I'm not a big one on star managers, but the track record of this guy has been pretty good in up and down seasons, for giving modest returns and not loosing too much capital along the way. I bought into this as a bit of a more saucy holding than a bond, since the bond market returns are quite flat, and poised to get flattened even more at the first uptick of the current low interest rates at some point down the path.

I went to Barometer shortly after paying off the last of my SDRSP mortgage. The mortgage was my bond proxy for a while. The last real bond funds I had I think I sold in about 2002 when I bought out my mortgage from the bank. 

So I am hanging onto him while I feel a lot of Canada's markets are heading towards a sideways slide for a while. If I had the tea leaves to know we were posed for a tear then I would dump the MF and buy an indexed equity ETF. If REIT's had not floated so high, maybe them in the mid-term. If blue chips were not valued up the wazzo by everyone chasing yield I would be buying them raw, and not have them held as a part of a fund that gobbled up hunks quite a while ago.


----------



## CanadianCapitalist (Mar 31, 2009)

AGHFX said:


> Will this include BMO's covered call ETFs?


Nope.


----------



## CanadianCapitalist (Mar 31, 2009)

andrewf said:


> What about HXS?


Horizons says it does not expect HXS to be impacted either. However, it seems to me that these budget changes are a reminder of the risk that tax treatment of HXS and HXT could change in the future.

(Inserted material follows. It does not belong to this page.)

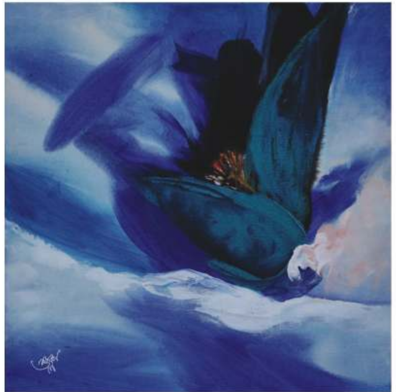
Majestic Acrylic on Canvas

"There were no staid greys or whites. They were angry reds, fighting greens, dying-to-break-free blues. They did not want to be contained by lines; only to flow into ach other, around each other." Bombay Times | The Times of India

All it would take is for the Government to legislate that distributions should be imputed to funds that employ swap agreements.


----------



## james4beach (Nov 15, 2012)

I think this is a good move by government. There was lots of tax alchemy there.

My philosophy has also been to avoid exotic ETFs of all forms. I avoid anything that holds derivatives, swaps, whatever. An ETF is supposed to hold a basket of liquid stocks or bonds. I want to get the pure income/dividend stream, and I want the ETF to just be a conduit for the underlying.

There have been several cases of weird surprises with exotic ETFs in the last few years. There was an American swap-based ETF family that had enormous year end distributions one year... depending on one's tax situation, this could have been disastrous for some. Similarly, commodity ETFs may be asking for trouble as governments are playing catch-up to this asset class. The tax situation of derivative & commodity ETFs is very unclear. In my view, when you add up the various structural risks for exotic ETFs (such as counter-party exposure, derivative risk) plus the TAX uncertainty risk, they should be avoided.

I would choose XIU over HXT any day, due to the vanilla construction of XIU and its traditional composition.


----------



## avrex (Nov 14, 2010)

I have been looking at ideas for my non-registered account and had been looking at the these Advantaged ETFs.

However, after viewing this thread and CCs article "Budget 2013 clamps down on advantaged ETFs", I won't pursue these ETFs.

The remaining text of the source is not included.